Le navire


 

Même si de grandes tendances se dégagent, le matériel naval employé diffère selon les ports. Ainsi il n'y a pas de navire de course type pour plusieurs raisons.

  • En temps de guerre c'était l'ensemble du territoire qui était mobilisé. On comprend donc que Marseille, Bordeaux, Saint-Malo ou Dunkerque aient développé des façons différentes d'appréhender la guerre de course.
  • La course elle même présentait des visages différents. En effet quoi de commun entre la petite course côtière et la véritable course d'escadre.
  • La guerre de course a traversé les siècles et il est normal que les bâtiments évoluent, ne serait ce que par le simple progrès technique.
  • Il parait donc plus pertinent de s'intéresser au matériel naval à travers l'exemple de Saint-malo, brillamment étudié par A.Lespagnol

 

Le bateau devait répondre à des impératifs techniques et géographiques


Le but de la course était de s'emparer par la force, ou par la menace de la force de navires ennemis. Cet objectif introduisait donc certaines contraintes :

Le navire devait être munis d'un armement conséquent en artillerie et en armes légères, avec poudre et munitions.

Il devait être rapide et pouvoir chasser et rattraper les navires marchands ennemis et éventuellement semer un vaisseau de guerre ennemi.

L'équipage devait être numériquement important pour pouvoir assurer un abordage de qualité et pouvoir assurer la prise de possession et la conduite à bon bord du navire capturé.

 

Entre reconversions et solutions nouvelles


La première des solutions utilisée par les négociants armateurs malouins fut la reconversion de certains de leurs navires utilisés jusque là dans des trafics marchands dont l'activité de la guerre remettait en cause. Certaines de ses frégates reconverties ont obtenus de brillants succès tel Le Grénédan (morutier de 300 tonneaux construit en 1682) qui permit au grand armateur malouin Noel Danycan d'enregistrer ses premiers succès. Cette reconversion semblaient d'autant plus facile que les navires étaient déjà munis d'une artillerie importante et qu'ils possédaient de réelles qualités voilières.

Bref cette solution était commode rapide et économique puisque la plupart des navires étaient déjà amortis.
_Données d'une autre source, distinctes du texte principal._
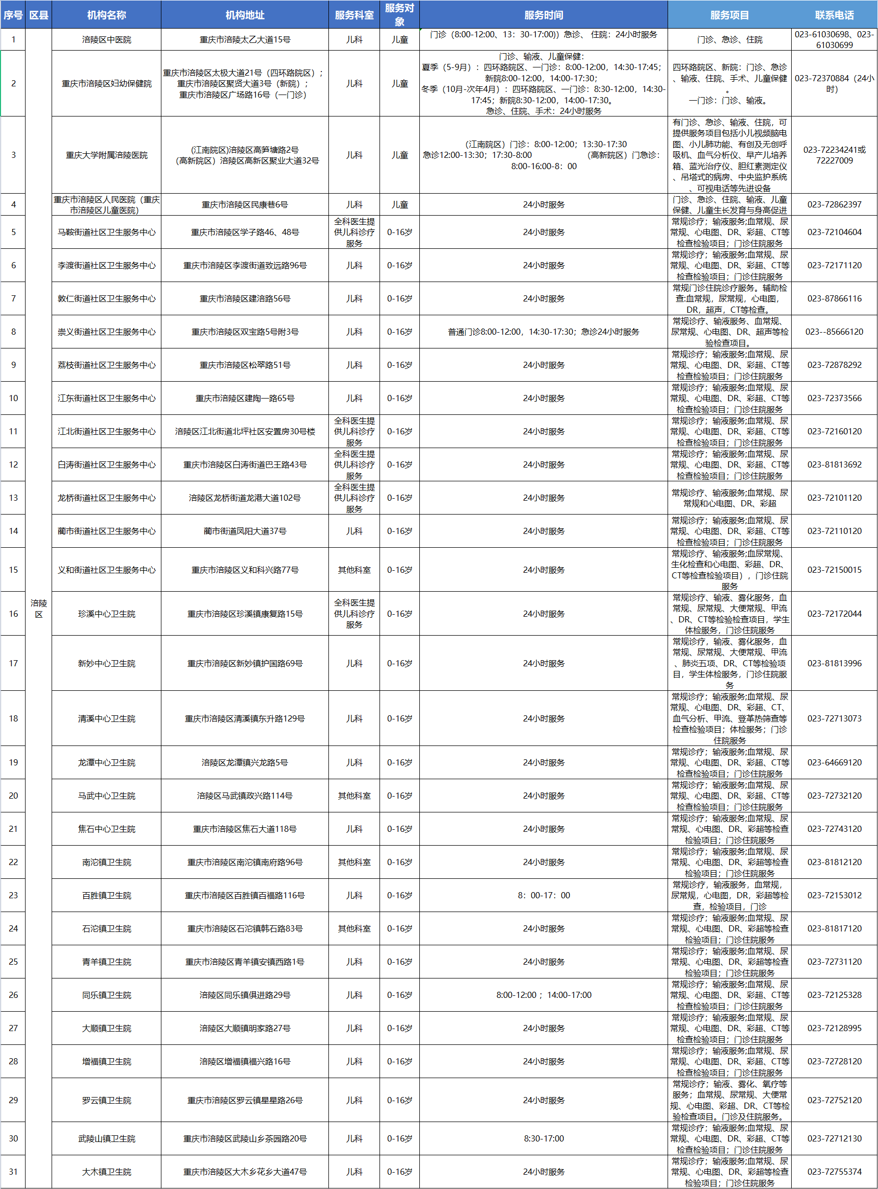 2025年重庆市涪陵区公立机构提供儿科诊疗服务单位名单

Mais au fil du temps et des combats, ce modèle de reconversion montra des limites : la faiblesse de l'armement, le manque de vitesse et l'âge du bateau occasionnèrent de nombreuses pertes. La nécessité de développer un matériel naval spécifique devenait impérieuse pour s'adapter à la fois à la petite course côtière dans les eaux britanniques et à la grande course océanique.

La réponse à la nouvelle donne stratégico-navale fut graduée. Des bâtiments de faible tonnage (moins de 100 tonneaux) furent d'abord construits, puis des frégates légères de 120-180 tonneaux spécialement étudiés pour la course. Les frégates sont fines, maniables, capable de franchir des bas-fonds sans encombre, de prendre en chasse de lourds navires marchands et de s'enfuir comme elles sont venues au gré du vent...

Les armateurs malouins ont ensuite décidé de se lancer dans la construction aux prix d'efforts financiers considérables, de grosses frégates de 300 à 400 tonneaux munies de 30 à 50 canons. Cette nouvelle orientation répondaient à la volonté de se lancer notamment dans une course plus ambitieuse.

La course elle même a contribué a alimenter l'armement corsaire grâce aux prises réutilisées. En effet de nombreux corsaires et vaisseaux de guerre ennemis capturés furent réarmer, permettant ainsi aux armateurs de disposer d'un matériel de tout premier ordre et à moindre coût.

Mais cette solution ne pouvait être suffisante d'un point de vue quantitatif. Il restait alors une dernière solution aux armateurs pour développer leurs flottilles : solliciter le prêt de navires appartenant au Roy. Les avantages économiques qu'occasionnait étaient énormes dans la mesure où l'Etat prenait tout en charge. Ainsi le navire prêté était livré aux armateurs armés, carennés et apprêtés à l'appareillage. Le roi devait en échange sur le produit brut des prises (1/5 jusqu'au début du XVIIIème).

Les armateurs malouins ont donc eu recours à de nombreux expédients pour renouveler, développer et améliorer leur flottille. Cela témoigne de la vitalité et de la capacité de Saint-Malo qui prit sous Louis XIV le leadership de l'armement à la course.